With the deteriorating global situation, the Deputy Chairman of the Planning Commission Mr Montek Singh Ahluwalia has said that achieving an average growth rate of 8 per cent in the next five years is not possible. The final growth target has been set at 8% by the endorsement of plan at the National Development Council (NDC) meeting held in New Delhi.

"It is not possible to think of an average of 9 per cent (in 12th Plan). I think somewhere between 8 and 8.5 per cent is feasible", Mr Ahluwalia said on the sidelines of a conference of State Planning Boards and departments. The approached paper for the 12th Plan, approved last year, talked about an annual average growth rate of 9 per cent.

"When I say feasible...that will require major effort. If you don't do that, there is no God given right to grow at 8 per cent. I think given that the world economy deteriorated very sharply over the last year...the growth rate in the first year of the 12th Plan (2012-13) is 6.5 to 7 per cent."

He also indicated that soon he would share his views with other members of the commission to choose a final number (economic growth target) to put before the country's NDC for its approval.

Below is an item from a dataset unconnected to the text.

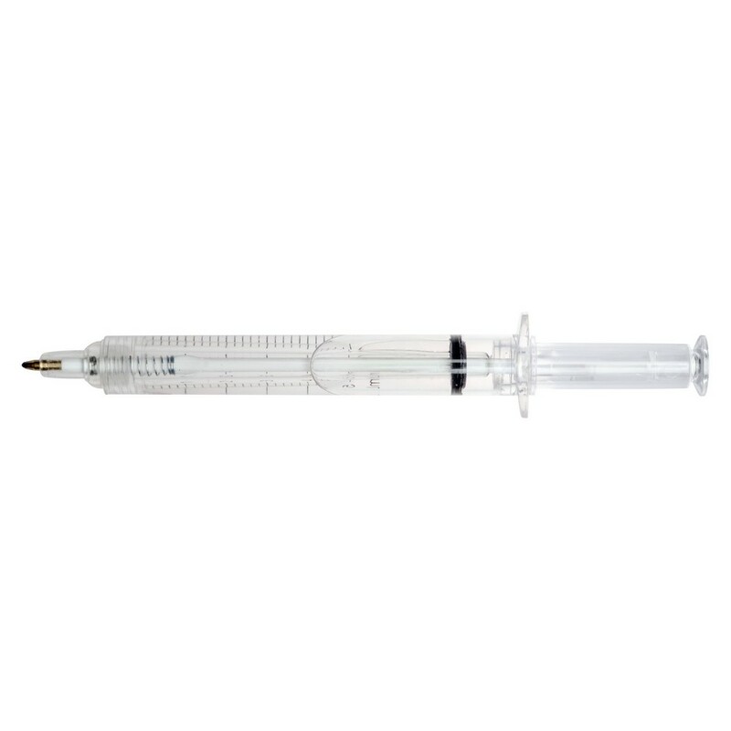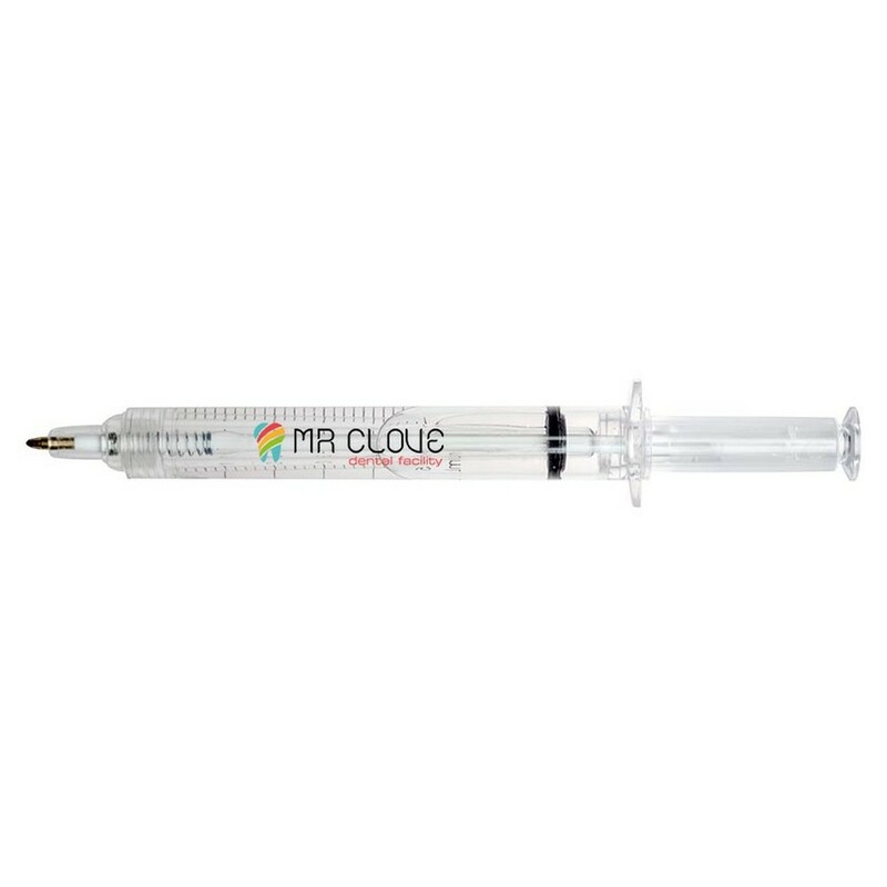 Długopis „strzykawka” z kolorowym płynem, posiada nadrukowaną skalę ml, wkład w niebieskim kolorze, produkt wykonany z AS

Though the 12th Plan has taken off, it is yet to be formally approved. The Planning Commission set a deadline of September for taking the approval of the NDC. The council is expected to meet after July, subject to the convenience of the Prime Minister. It is mainly focused on health. The status of the 12th Plan is in question due to the dissolution of the Planning Commission.

Poverty

The government intends to reduce poverty by 10 per cent during the 12th Five-Year Plan. Mr Ahluwalia said, "We aim to reduce poverty estimates by 2 per cent annually on a sustainable basis during the Plan period".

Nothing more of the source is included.